In certain embodiments, S20 merges the first coincident bright spots on the plurality of combined images, including one or more matches of the first coincident bright spots in different combined images to obtain a set of bright spots corresponding to the sequencing template. Therefore, the method is beneficial to obtaining an accurate set of the bright spots corresponding to the template nucleic acid molecules one by one and building an accurate template based on the image information.
In certain embodiments, image M1, image N1, image P1, and image Q1 are obtained sequentially, and image M2, image N2, image P2, and image Q2 are obtained sequentially, i.e., image M1, image N1, image P1, and image Q1 are obtained in one round of sequencing reaction, image M2, image N2, image P2, and image Q2 are obtained in another round of sequencing reaction, and S10 includes: combining the images M1, M2, N1, N2, P1, P2, Q1 and Q2 at intervals of S images in pairs to obtain K combined images and matching bright spots on the combined images, and discarding non-coincident bright spots on the combined imagesS is an integer, 0-Smax,SmaxTotal number of images participating in the combination-4. It can be calculated that K ═ [ (total number of images participating in the combination B-S-1) +1](total number of images participating in the combination B-S-1)/2, i.e.
Figure GDA0003036720500000041
For example, when S is 2, K is 15. Thus, the complete sequencing template can be constructed by fully utilizing the image information as less as possible.
The sequence comprises four times of base extension reactions for one round of sequencing reaction, namely each time the base extension reaction only contains one type of nucleotide analogue, preferably S is more than 1, more preferably S is more than 2, which is beneficial to avoiding or reducing the interference of noise brought by biochemical test factors on the construction of a sequencing template based on images and is beneficial to effectively and accurately determining the template.
In one embodiment, the total number of images participating in the combination is 12, and S is 2, so that a more complete sequencing template can be obtained, and the loss of off-line data (reads) is reduced.
In another embodiment, the total number of images participating in the combination is 8, and S-2. When Repeat is 5, image Repeat1-5 (images of Repeat1 and Repeat 5) and Repeat2-5 are respectively subjected to overlapping bright spot matching, and then matching results are combined into a Template container (Template; initially empty); in one example, since Repeat4 images are used for construction of reference images, to reduce the amount of computation, template construction starts with image Repeat 5; when Repeat is 6, overlapping bright spot matching is respectively carried out on the Repeat1-6, Repeat2-6 and Repeat3-6 of the images, and matching results are combined into Template; when Repeat is 7, respectively carrying out superposition bright spot matching on images Repeat1-7, Repeat2-7, Repeat3-7 and Repeat4-7, and combining matching results into Template; when Repeat is 8, overlapping bright spots of images Repeat1-8, Repeat2-8, Repeat3-8, Repeat4-8 and Repeat5-8 are matched, and matching results are combined into a Template; finally, counting the bright spots in all Template containers, and outputting, wherein each bright spot coordinate represents one chain, namely one reads. After the template is successfully constructed, the total number of reads TotalRead can be known. Fig. 2 is a schematic diagram of the process, the upper four images in fig. 2 are Repeat1, Repeat5, Repeat6 and Repeat7 in sequence, the middle image change shows the process and the result of the Repeat1 and Repeat5 overlapping bright spot matching, and the lower image shows the result of the Repeat1, Repeat5, Repeat6 and Repeat7 overlapping bright spot matching.

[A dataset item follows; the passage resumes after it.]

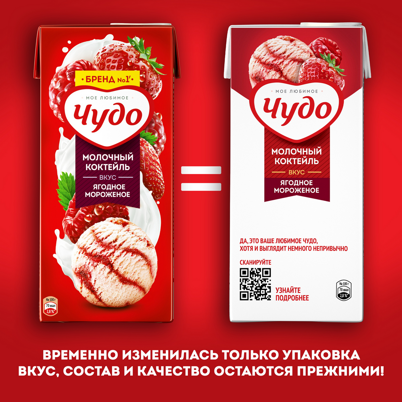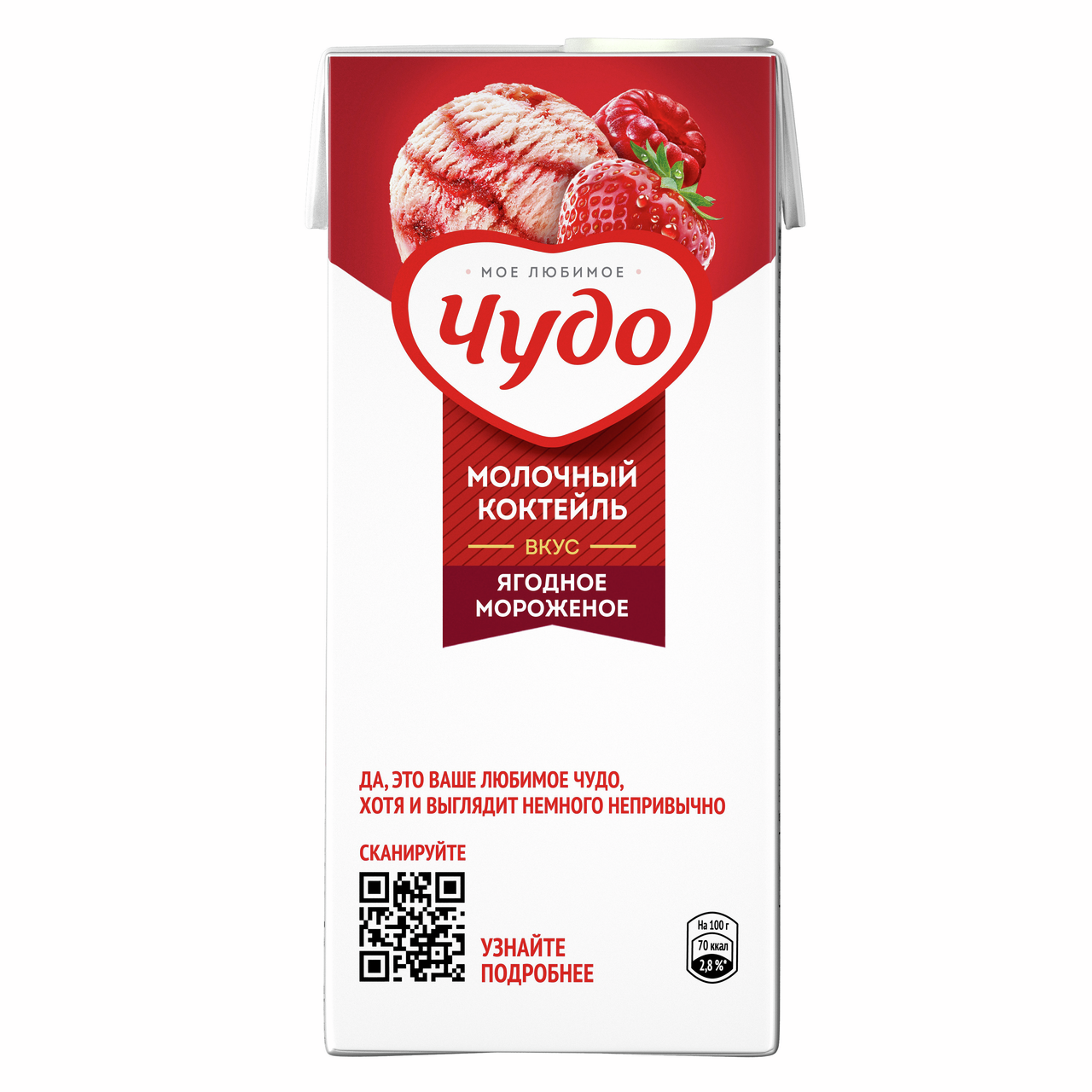 Коктейль молочный Чудо Ягодное мороженое 2% – это вкусный и полезный напиток, приготовленный на основе натурального коровьего молока с добавлением сахара и прочих компонентов. Отличается приятным, в меру сладковатым вкусом с нежными нотками настоящего ягодного мороженого. Не содержит консервантов и растительных жиров. В процессе производства подвергается стерилизации, позволяющей продлить срок хранения напитка, но при этом сохранить природную пользу свежего молока. Идеально подходит как для ежедневного употребления, так и для детских праздников. Современная многослойная упаковка тетрапак надежно сохраняет свежесть и вкусовые свойства в пределах всего срока годности.

In one example, in an imaging system, the electronic sensor has a size of 6.5 μm, and the microscope is magnified 60 times, with the smallest dimension seen being 0.1 μm. The size of the bright spot corresponding to a nucleic acid molecule is typically less than 10 x 10 pixels.
The first predetermined pixel is referred to as, in one example, 1.05 pixels.
In one example, two first coincident bright spots having a distance greater than 1.85 pixels are set as the two first coincident bright spots.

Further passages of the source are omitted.